His 21-year-old pal Sohail Khan agrees, smiling, because their stories are identical. He was the son of a prostitute and grew up in a brothel. He worked in food delivery, graduated from college, pursued his passion for dancing, and has now managed to free not only himself but also his mother from the red light district. "I often wonder: would my life have taken this course had I not connected with Project Phoenix?" he goes on to explain. "I don't think so." Balan and Khan are among the first youths to graduate from Project Phoenix, the flagship initiative of the Delhi-based non-profit Light Up. The one-year preventative mental health program operates in some of India's most underserved neighborhoods, including slums, children's homes, and red-light districts. Throughout the year, participants get one-on-one treatment, group activities, and, perhaps most innovatively, training to improve their social and emotional learning (SEL). "That year transformed my life," Khan adds. "I used to be quite self-conscious about my mother being in the sex trade. It was here that I learned to comprehend, even embrace, my circumstances and go past them."

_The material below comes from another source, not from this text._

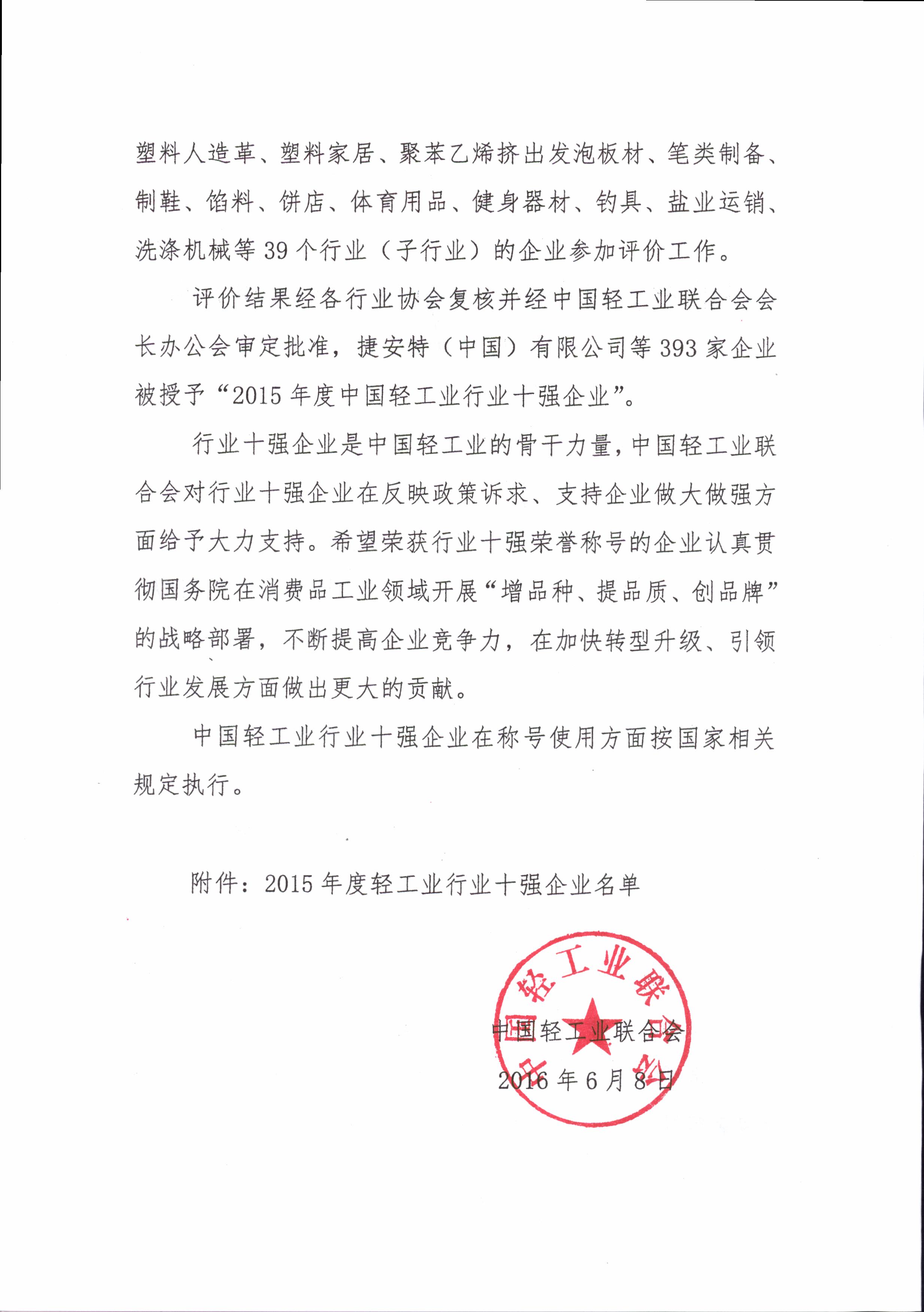 中国轻工业行业十强企业评价结果公告(2015年度)

Project Phoenix is uncommon. This is not simply because it targets young adults from low-income and vulnerable groups in India, which has only 0.75 psychiatrists per 100,000 people. Its change philosophy is also unusual: staff work with people who have suffered significant inequity in infancy, those who are most likely to have issues later in life, and teach them life skills that will help them better protect themselves against mental illness. "We work to improve their social and emotional learning, which will help them understand and then solve their problems," says Juhi Sharma, who created Light Up in 2017 and Project Phoenix four years later.
Preventing Mental Health Problems ~
Juhi Sharma goes through the small streets of Sanjay Camp, a slum concealed within Delhi's affluent diplomatic enclave Chanakyapuri, where many Project Phoenix alumni reside. She worked in an international public relations and communications organization for seven years after graduating from Stanford Graduate School of Business. A visit to a homeless shelter on the banks of the Yamuna River in Delhi prompted her to reconsider. "The emotional vocabulary [of the homeless people] was so poor: they had no words to express or identify what they were feeling," she said. "Even a layperson like myself could understand how vital it was for them to have the language to explain their feelings; nonetheless, this crucial life skill isn't taught in India yet."
Light UP’s founder Juhi Sharma launched the non-profit to ‘enhance social and emotional learning’.
(Source: Google Images)
Juhi Sharma left her job and launched 'Light Up'. Over the following four years, the group taught 1,300 sessions, reaching over 76,500 people. The lessons learned from this study led to the formation of Project Phoenix in 2021. The one-year program provides trauma-informed therapy and social-emotional development in a child-friendly format through group activities such as art, theatre, dance, creative writing, music, and games. Trauma-informed treatment teaches people to notice and respond constructively to hidden difficult emotions such as anger, frustration, and poor self-esteem. Parents also attend certain sessions to better understand their children's experiences and how to assist them manage.
“At Project Phoenix, our training is built around actual challenges that students face,” Sharma says. “For example, we worked with very shy and under-confident students to develop effective communication strategies, and with others to learn to express their feelings constructively.” Khan discloses that before Project Phoenix, he was putting in unnecessarily long hours teaching in a dance studio. “I hesitated [before] asking for better work hours, thinking I was lucky that they’d even employed me,” he recalls. “Project Phoenix taught me negotiation skills and time management and boosted my self-confidence. I was able to reduce my work hours thanks to that.”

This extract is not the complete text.